Grand Theatre, Wolverhampton, Wednesday 26th September, 2018
Birmingham Stage Company is back, following up the success of Gangsta Granny with a second alliterative title from comic actor-turned-children’s-author, David Walliams. Walliams appears to have appointed himself the successor to Roald Dahl and his work bears many similarities to Dahl’s classic novels for children. Chiefly, Walliams doesn’t sugar coat any aspect of his stories, populates the tales with grotesques, and places a wise child at the heart of them. Adaptor-director Neal Foster captures the Walliams spirit superbly well, rendering the action in imaginative, theatrical ways.
This one is a grim (Grimm) melodrama that is positively Victorian in its sensationalism. The titular aunt – Agatha Saxby – is monstrously cruel to her recently orphaned niece. The title deeds of rambling manor Saxby Hall are at stake. Richard James is enormous fun as this squawking villain, stomping around in plus fours and a ginger wig. His sidekick, Wagner, is an imposing owl – and a beautiful piece of puppetry performed by Roberta Bellekom.
Georgina Leonidas instantly gains our sympathy as plucky, long-suffering heroine, 12-year-old Stella, who finds an ally in the form of friendly ghost, Soot (the likeable Ashley Cousins) a chimney sweep’s boy who came to a sticky end on the job. The pair uncover the true extent of Auntie’s abominable activities as they clamber up and over Jacqueline Trousdale’s revolving set pieces. The gothic events are offset by the humorous appearances of dotty retainer, Gibbon, in a hilarious turn by Harry Sutherland.

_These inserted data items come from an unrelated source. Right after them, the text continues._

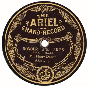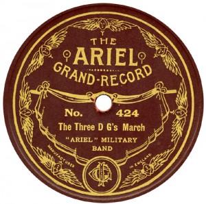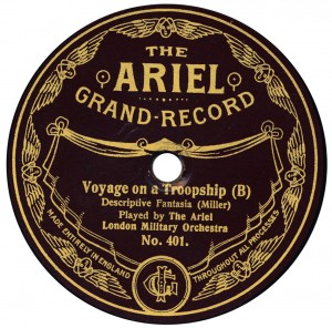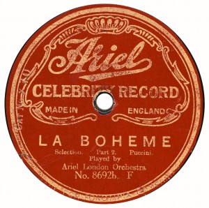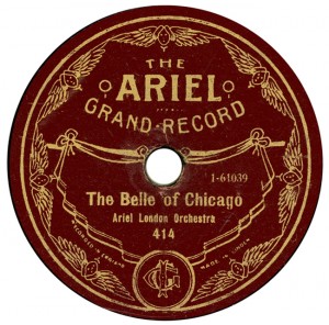 been found as Winners with Ariel paste-overs, from the early 1920s. As far as dance music is concerned, in the early 1920s, Ariel was using Zonophone masters and some sides by "Jack Hylton's Jazz Band" may be found, along with others of a similar period, with a 2000 catalogue series, often anonymous. Generally, apart from this, almost all dance records are labelled as by "Ariel Dance Orchestra".In the later 1920s, was a 1000 series, again from Zonophone issued sides by the various Bert Firman groups (see picture 1.) Overlapping with this, Ariel used masters from Parlophone from about 1924 until 1938, using a 4000 series Catalogue number, later prefixed with a "Z". This included many American masters from OKeh records. Although Ariel has not been entirely catalogued, I have not found any using masters not already issued on Parlophone, though it is possible, especially as Parlophone did not use all the masters sent to them by OKeh.The label design changed little over the years as can be seen by the pictures here. There were also Classical series of "Ariel Celebrity Records" in a 10¾" size. The blue example shown here, is a rare "paste-over" Ariel of a different colour. This one was pasted over a Bell or Winner.Finally, the Ariel Concert is a 12" issue. |
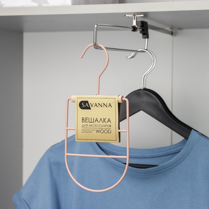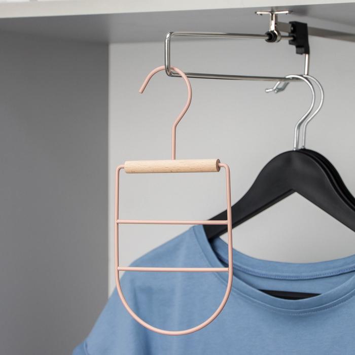 Вешалка для ремней и шарфов SAVANNA Wood, 11,3×24×1,1 см, многоуровневая, цвет розовый
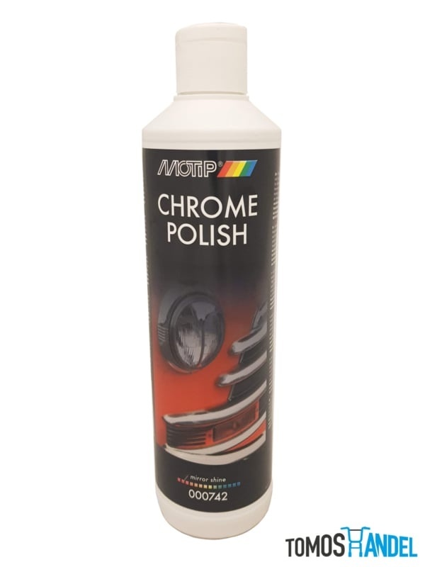 Motip chrome polish. 500mL. Na het poetsen de gepoetste delen met een schone droge doek afpoetsen voor het perfect resultaat.Specificaties

Jak Poore’s original score adds to the urgency of the action and the melodramatic atmosphere of the whole. It may lack the warmth of Gangsta Granny, but there is plenty here to enjoy as Stella endures tribulation and trials, and Auntie gets her comeuppance in a satisfactory turn of events.
Darkly delicious with a generous helping of toilet humour and gross-out moments, Awful Auntie is awesome entertainment for the whole family.